Yoga in PJ's
Forget the fancy leggings, your pyjamas will do just fine when you've got a self-nurturing practice at home. By Kat Farrants
When folks think of yoga they’ll often think of a skinny, impossibly bendy woman in some jazzy leggings doing a fancy pose. That’s a very impressive, and often beautiful image. Perhaps it is a great image to encourage people to try to do yoga, as an aspirational image, to try to make ever-more-complex shapes.
In my 20s and early 30s, I was exploring more complex poses, becoming more bendy, practicing faster vinyasa, more complicated transitions between poses. It was exhilarating, fun, an adventure into the limits of flexibility and strength.
But I was lucky enough to experience an immobilising car-crash in my 30s — this stopped my search for increasing complexity and flexibility in its tracks. Instead, I was forced to learn how to move again, slowly and gently, through therapeutic yoga. And when my heart was broken into pieces after my husband left me shortly afterwards, I learned the healing power of breath.
Now, in my late 40s, I’m happy to say my practice is slowing down, in a world which demands ever increasing speed.
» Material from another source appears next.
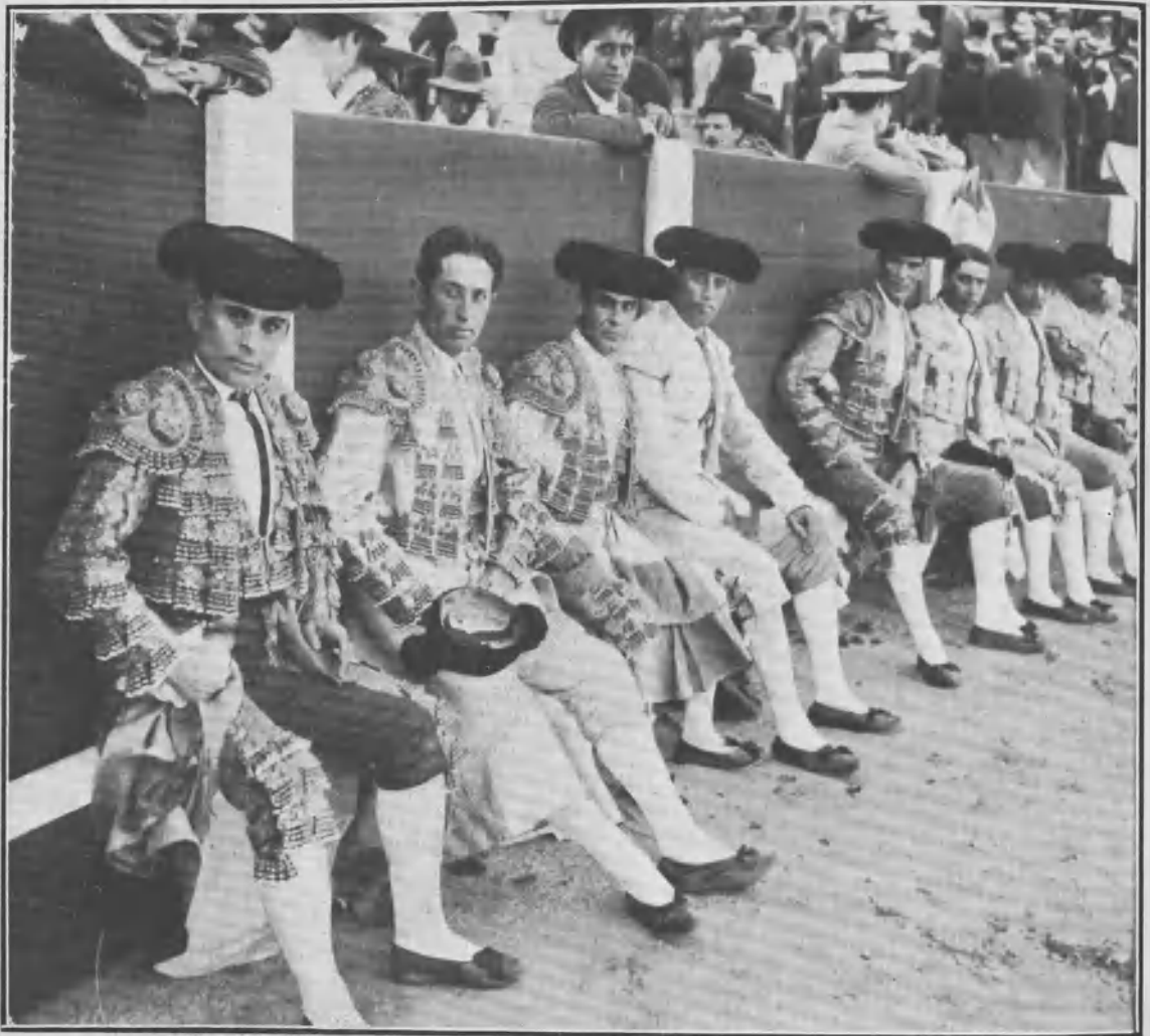
Las cuadrillas descansando en el estribo.

My practice is a practice of caring and attending to my inner world, so that I can make better decisions and respond with wisdom to life’s challenges.
My physical practice is calming and regulating my nervous system through movement, meditation and breathwork. A refinement of the art of knowing myself, becoming more sensitive to my own body, and keeping my nervous system less jangled and stress-levels controlled. It’s getting to know my body better, feeling it from the inside out. It's a coming home practice, coming home to my true self.
That sense of home-coming is done in the comfort of my own home. In a cosy nook in my front room, in front of the fireside on chilly winter nights, and in front of the view of trees, to remind me of the expansiveness and beauty of nature and consciousness.
I mostly practice either first thing in the morning, to gently yawn my body awake. Or in the evening before bedtime to release and calm the day. I wear my PJ’s. Because they are comfortable, because I feel cosy, supported and nurtured and it’s just what I’m wearing in the morning and evening.
I mostly practice either first thing in the morning, to gently yawn my body awake. Or in the evening before bedtime to release and calm the day. I wear my PJ’s. Because they are comfortable, because I feel cosy, supported and nurtured and it’s just what I’m wearing in the morning and evening.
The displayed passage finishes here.